Wenn das Keys sind, die auch in der Packung ener neuen Graka oder eines Prozessors liegen könnten, können die ja nicht einfach wahllos Steam-Accounts sperren! Wäre ja möglich, dass ich den Code leagal bekommen habe? 

Darksystem im "STEAM Weekend Deal"-Thread meint, die Spiele werden einfach aus dem Account entfernt:



Darksystem schrieb:


> Nunja - hab rein aus Interesse mal den Steam  Support angefragt. Die meinen die entfernen es nur vom Account, wenns  denn ein böser Key ist.
> Jedenfalls meinen.
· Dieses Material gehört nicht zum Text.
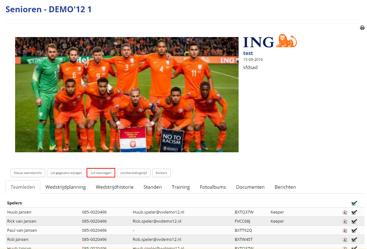 Om de teamlid informatie toe te voegen ga je in Club-assistent naar "Teams, Trainingen & Wedstrijden". Vervolgens klik je groepen huidig seizoen en kies je het plus-je voor de regel van de teamleden.
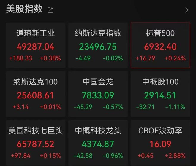 美股全线收高,“中国金龙”微跌,白银盘后剧烈跳水
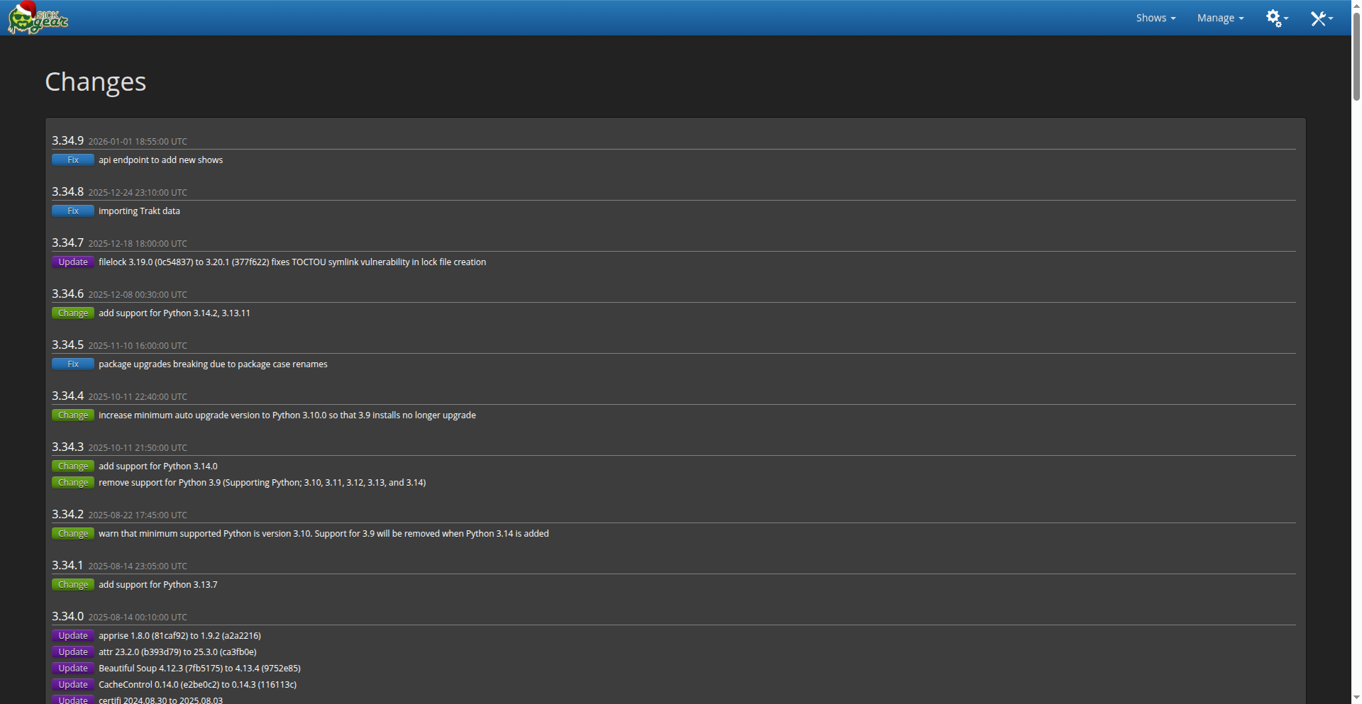 2026-01-01T19:29:57.096862208Z 19:29:57 INFO SHOWMAPSUPDATE :: Checking for release exception updates for TVRage
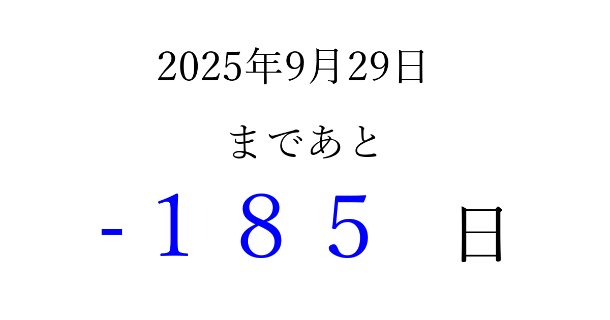2025年9月29日(月)は もう 000 日過ぎました 追加すると、トップページからすぐ選べるようになります ※2026/04/02現在の結果です。 最新の状態に更新する ↓シェアして、タイムライン上にカウントダウンを表示しよう!↓ 📤 この結果を共有する Tweet シェア Threads Bluesky 別の日付でカウントダウン 2025年9月のカレンダー このページをブックマークに追加すると、いつでもカウントダウンを確認できます。 (PC: Ctrl+D / Mac: ⌘+D) hitome-notes.comでは以下のページも運営しています。 指定日と期間から日付を計算 | ガチャ確率計算・シミュレーション | プライバシー・ポリシー 運営者:Avocado
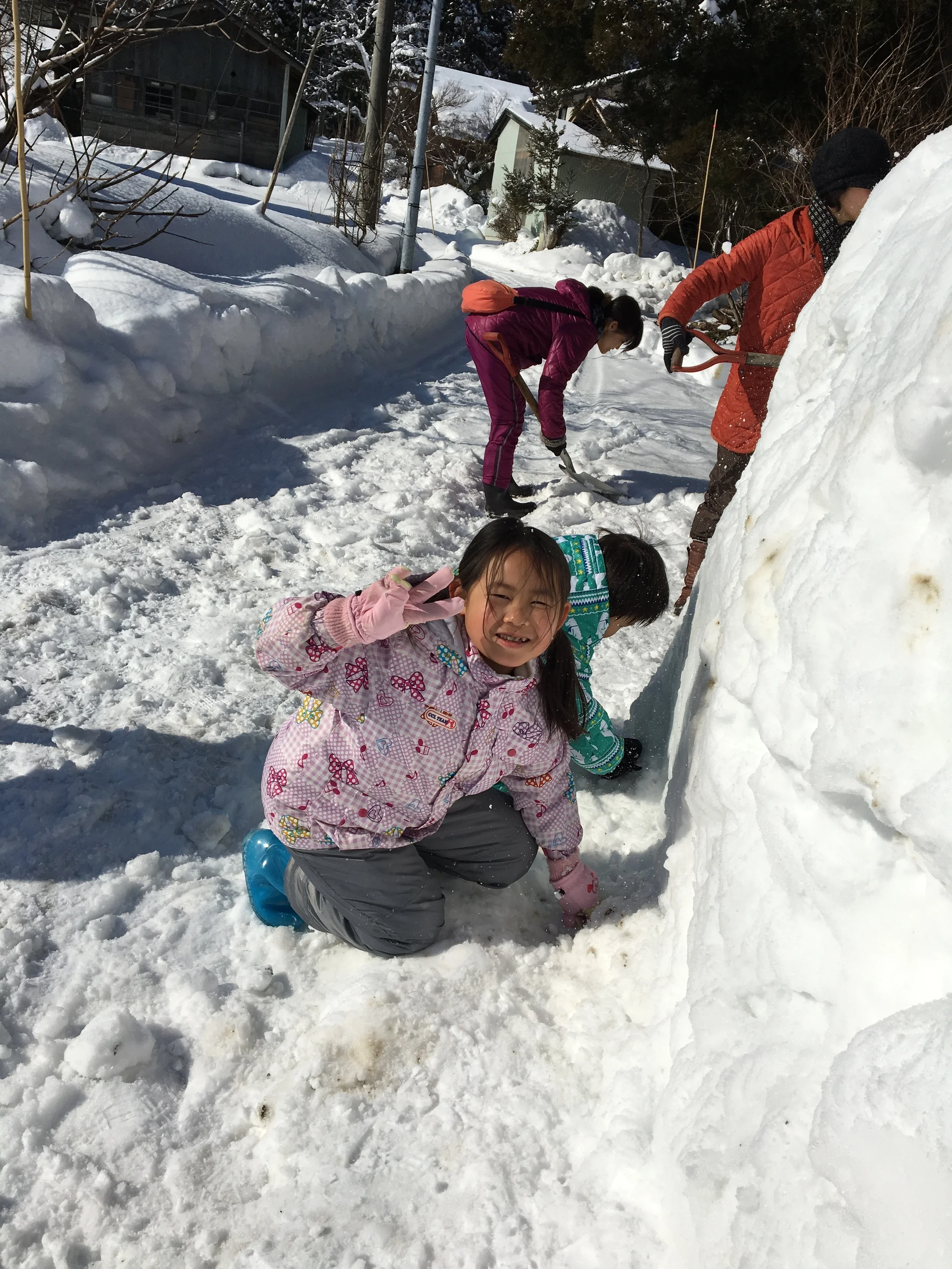 その後、入口からずんずんと掘る!スコップで掘ったら、その雪を運び出す!
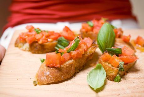 Očistite režnjeve belog luka i po širini ih prepolovite. Sa otvorenom stranom pređite preko svake kriške hleba. Svaku krišku pokapajte maslinovim uljem i stavite preko paradajz koji ste prethodno nasekli na komadiće, posolili, pobiberili, i pomešali sa svežim začinskim biljem.

Wurde geaddet und mir  wurde ein Key geschenkt und ich wusste zu der Zeit noch nichts von den  Leaks. Nun hab ich total entsetzt ein Ticket eröffnet und sie meinen,  wie oben bereits geschrieben, wenn es ein geleakter Key ist, wird er  einfach entfernt.



Vielleicht muss man dann eben eine aufwendigere Key-Prüfung über sich ergehen lassen (Scan der Code-Karte o. ä.), um einen funtkionierenden Key zu erhalten, falls man sich eines der besagten Produkte gekauft hat. Wird man sehen...


----------



## Painkiller (7. September 2011)

*AW: Dirt 3 kostenlos für AMD Produkte Besitzer*

Ging gerade Online. 



> *Update 2:* Wie AMD soeben gegenüber PC Games Hardware mitteilte, wurde eine Webseite der AMD-Promoagentur gehackt und die Codes entsprechend entwendet. Server von AMD oder Codemasters waren entgegen einiger Meldungen nicht von dem Hack betroffen. Derzeit würde AMD mit Codemasters, Steam und der Agentur eng zusammen arbeiten, um das Problem zu lösen. AMD würde "alle gültigen Gutscheine akzeptieren". Das Einlösen könne sich aufgrund der derzeitigen Situation aber etwas verzögern.


----------



## Hydroxid (7. September 2011)

Also ich hab's mir gestern Abend runtergeladen


----------



## Rizoma (7. September 2011)

*AW: Dirt 3 kostenlos für AMD Produkte Besitzer*



radeon5670 schrieb:


> Also ich hab's mir gestern Abend runtergeladen


 

Und wie funtzt das genau? Ich gehe auf die HP die im Startpost ist gebe da meine PII Seriennummer ein und bekomme den Stream Key? für welche AMD Produkte gilt dieses Angebot überhaupt habe ja vor nicht all zu langer zeit nen Prozessor und eine Grafikkarte gekauft evtl. bekomme ich Dirt3 ja 2x


----------



## Gast12348 (7. September 2011)

*AW: Dirt 3 kostenlos für AMD Produkte Besitzer*

Also als die seite gestern noch Online war, konnte ich folgendes herraus lesen. 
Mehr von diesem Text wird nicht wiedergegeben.